Task to complete: Each line of the data is to be output verbatim, with the images removed.

Data section:
○ ○ ○ ○
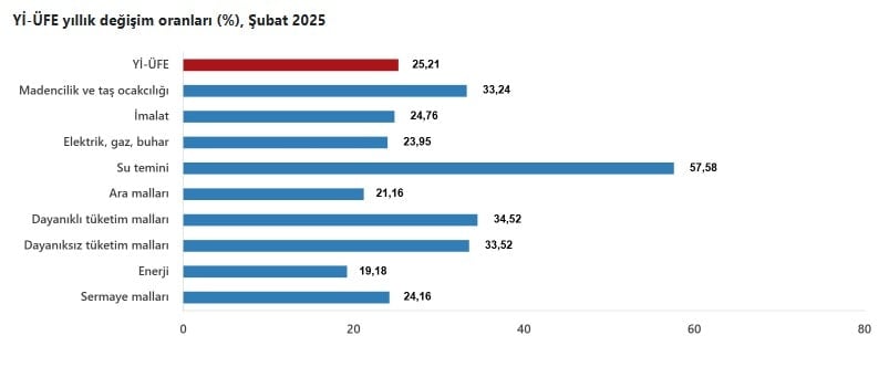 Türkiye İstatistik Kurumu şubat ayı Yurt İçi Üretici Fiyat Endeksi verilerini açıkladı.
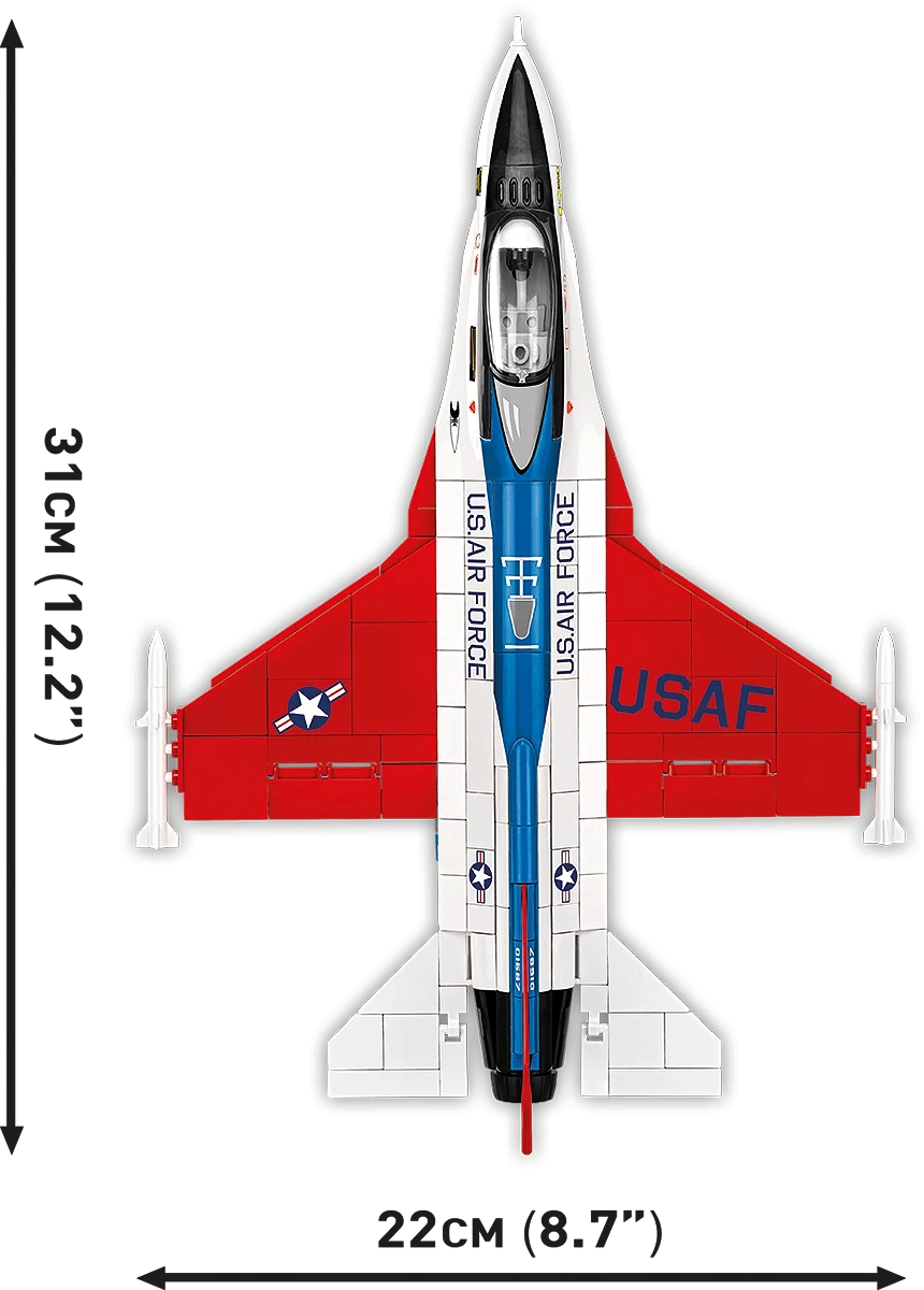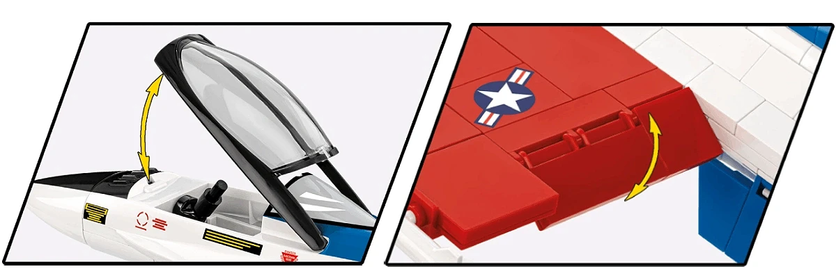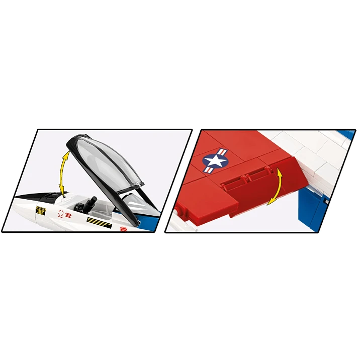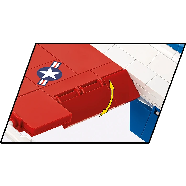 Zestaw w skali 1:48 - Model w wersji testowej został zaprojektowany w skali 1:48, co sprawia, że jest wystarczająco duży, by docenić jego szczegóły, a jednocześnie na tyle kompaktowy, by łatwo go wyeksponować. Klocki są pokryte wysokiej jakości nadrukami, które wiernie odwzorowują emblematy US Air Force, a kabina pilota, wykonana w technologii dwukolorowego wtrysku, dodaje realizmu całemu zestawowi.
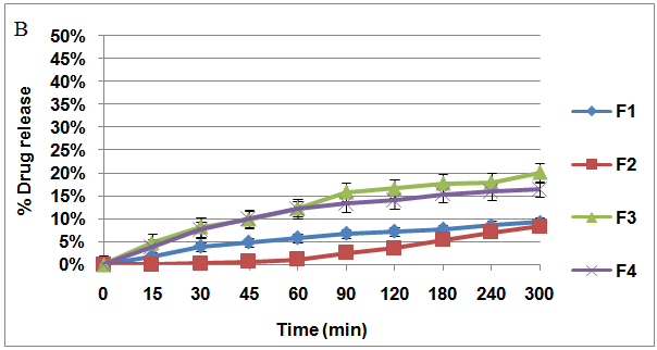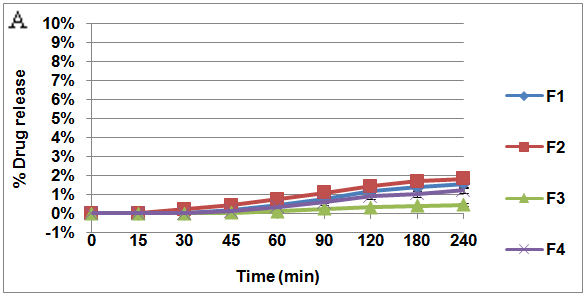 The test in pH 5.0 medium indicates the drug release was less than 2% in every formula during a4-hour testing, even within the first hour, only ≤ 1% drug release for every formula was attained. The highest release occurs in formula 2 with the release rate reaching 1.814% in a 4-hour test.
○ ○ ○ ○
Expected answer:
 Türkiye İstatistik Kurumu şubat ayı Yurt İçi Üretici Fiyat Endeksi verilerini açıkladı.
 Zestaw w skali 1:48 - Model w wersji testowej został zaprojektowany w skali 1:48, co sprawia, że jest wystarczająco duży, by docenić jego szczegóły, a jednocześnie na tyle kompaktowy, by łatwo go wyeksponować. Klocki są pokryte wysokiej jakości nadrukami, które wiernie odwzorowują emblematy US Air Force, a kabina pilota, wykonana w technologii dwukolorowego wtrysku, dodaje realizmu całemu zestawowi.
 The test in pH 5.0 medium indicates the drug release was less than 2% in every formula during a4-hour testing, even within the first hour, only ≤ 1% drug release for every formula was attained. The highest release occurs in formula 2 with the release rate reaching 1.814% in a 4-hour test.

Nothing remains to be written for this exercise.